3.3 PREMISE: Other studies have linked sodium nitrite to liver cancer in laboratory animals.
3.4 PREMISE: In another study, an experimental and a control group are fed the same diet, except for .5 milligrams of
sodium nitrite given daily to each of the members of the experimental group. 40 percent of the experimental group
develop cancer, while only 38 percent of the control group develop cancer.
Exercise 8-3
Evaluate the causal reasoning in the following passages. If reasonable, suggest at least one experiment to test the
conclusion made in each argument (i.e., treat the conclusion as a hypothesis).
*1. I know Vanish-X Cream eliminates acne because last night I used some and today my skin is much clearer.
2. Leg cramps are caused by lack of calcium. I know because last year when I had leg cramps I started taking calcium
supplements and within two weeks my cramps were gone.
3. Friends, do you want to get rich like Brother Billy Bob? Just send a card with your contribution to the Reverend I. Am
Greedy like our listener Mrs. Goodfaith did. She writes, "Dear Brother Billy Bob: On the very day I sent you my check for
$100, I found a $1000 check that I had misplaced months ago." Praise the Lord!
4. In our neighborhood, a recent survey revealed that 75 percent of the men who had lost their jobs in the last year had quit
going to church before losing their jobs. That should prove to even the greatest skeptic that it does not pay to leave the
church.
5. I never shave before I pitch a ball game because the last time I shaved before a game, I gave up 14 runs in the first inning!
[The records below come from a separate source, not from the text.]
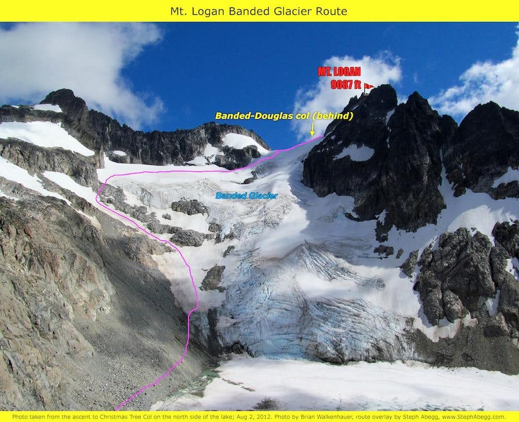 Our plan was to descend the Banded Glacier. (We had a few reasons for wanting to descend the Banded instead of the more-typical Douglas Glacier: (1) we had heard tales about 'schrunds and 'schwacking on the Douglas Glacier route (although I've since been told that the Douglas Glacier approach is easy and the 'schwacking is "not too bad", so I'm not sure what to think other than to go in and see for myself!), (2) thanks to a helpful friend we had some great beta for the Banded Glacier that made it seem rather straightforward if we nailed the route, and (3) the Banded Glacier just sounded like wild and spectacular terrain.)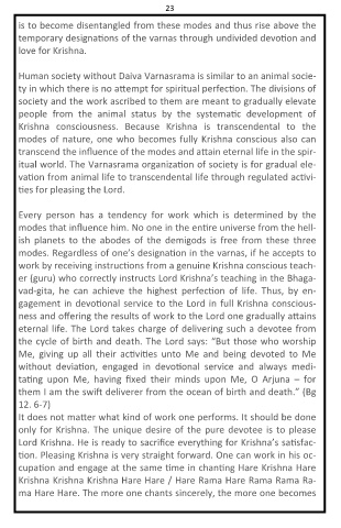 23 is to become disentangled from these modes and thus rise above the temporary designa ons of the varnas through undivided devo on and Human society without Daiva Varnasrama is similar to an animal socie- ty in which there is no a empt for spiritual perfec on. The divisions of society and the work ascribed to them are meant to gradually elevate modes of nature, one who becomes fully Krishna conscious also can transcend the influence of the modes and a ain eternal life in th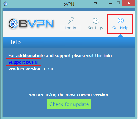 Если вам нужна помощь, нажмите на «Получить помощь»,затем «Поддержка b.VPN»: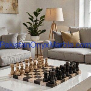All Onyx Chess Sets and Boards & Pieces are handcrafted luxury stone products made from 100% natural onyx marble, manufactured in Pakistan for global wholesale and export markets. Each set includes a solid onyx chess board and hand-carved stone chess pieces, designed to function as both a playable board game and a high-end decorative item. These products are positioned for premium buyers who value natural materials, craftsmanship, and durability rather than mass-produced uniformity.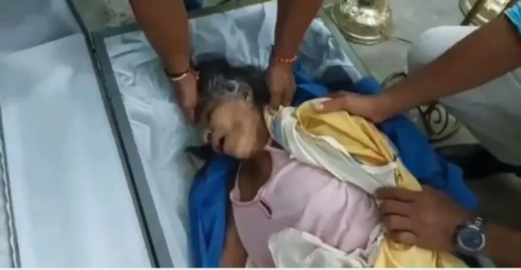 Ahli keluarga membuka keranda itu kira-kira 4 petang untuk menukar pakaian wanita itu sebelum majlis pengebumian.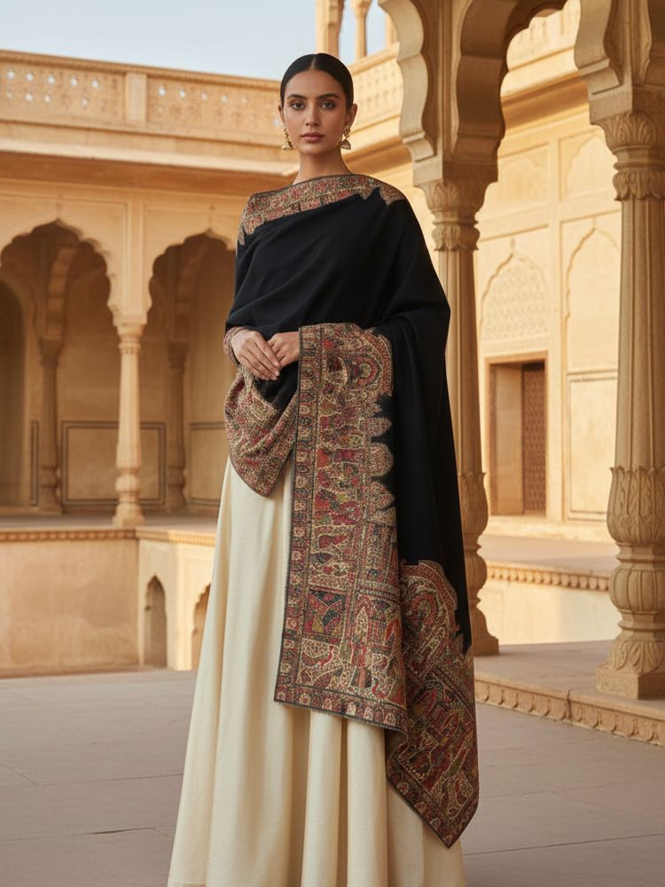 For men, border work shawls are particularly easy to wear. The simple design—embroidery confined to the edges—keeps the look understated and dignified. Whether paired with a kurta, bandhgala, or even a winter coat, it adds warmth and quiet sophistication.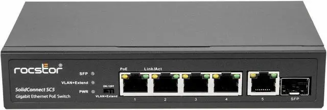 The Rocstor SolidConnect SC5 is a feature-rich 5-Port PoE+ Gigabit Unmanaged Ethernet Switch with an additional 1-Port Gigabit Ethernet SFP, making it a professional-grade solution for various networking needs. SC5 conforms to IEEE 802.3x, IEEE 802.3, IEEE 802.3u, IEEE 802.3ab, IEEE 802.3af, and IEEE 802.3at standards, ensuring compatibility and adherence to industry benchmarks. This versatile switch supports desktop, rackmount, and wallmount configurations, providing flexibility in deployment. Boasting a total of 5 x 10/100/1000 RJ-45 ports, including 4x Gigabit PoE Ethernet Ports for the transmission of power and data, and an additional 1-Port Gigabit RJ45 Uplink and 1-Port Gigabit SFP Uplink for data transmission, it offers robust connectivity options for a range of devices. Each PoE+ port supports up to 30W, with a generous total power budget of 62W, ensuring ample power for high-demand applications such as security cameras or access points. The SC5 is designed for reliability with a 2-layer supported architecture, housed in a rugged metal enclosure that guarantees durability in diverse environments.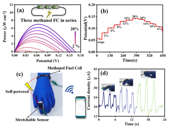 可穿戴自供電傳感器是最近柔性電子設備的一個有前途的前沿領域。 在這項工作中,已經制造了一種可穿戴燃料電池(FC)型自供電運動智能傳感器,特別是首次選擇甲醇蒸汽作為目標燃料。Pt@Au/N-rGO 的核殼結構和多孔碳網絡作為甲醇氧化和氧還原反應催化劑,高導電堿性水凝膠作為固態電解質。 因此,用于自供電傳感系統的可穿戴 FC 對 2-20% (v/v) 甲醇蒸汽表現出優異的傳感性能,最大功率密度為 2.26 μW cm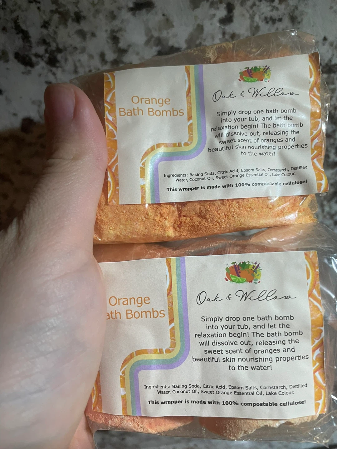 Treat yourself to the sweet scent of oranges with these Oak & Willow Orange Bath Bombs! They're perfect for a relaxing soak in the tub, releasing the beautiful skin-nourishing properties to the water! The wrapper is made with 100% compostable cellulose, One pack is partially destroyed so you can use it as a bath powder

*6. It’s all those food additives that are causing the crazy criminal acts to increase. You check it out. There is a direct
correlation between the increase in the use of food additives and the increase in senseless crimes of violence.
7. The inflation rate went down after President Reagan took office, so his economic policies must have caused it.
8. Since Senator Rodda has been in office the crime rate has gone up 10 percent a year. It’s time to elect someone who will do
something positive about crime!
9. Andy, Beth, Carol, Dave, Edie and Frank had dinner together. All six developed violent stomach cramps within 30 minutes
of finishing their meal. The meal consisted of salad with vinegar and oil dressing, baked potatoes with sour cream and chives,
broccoli, broiled sirloin steak, and red wine. Edie is on a diet and refused the potato, but she put sour cream on her steak.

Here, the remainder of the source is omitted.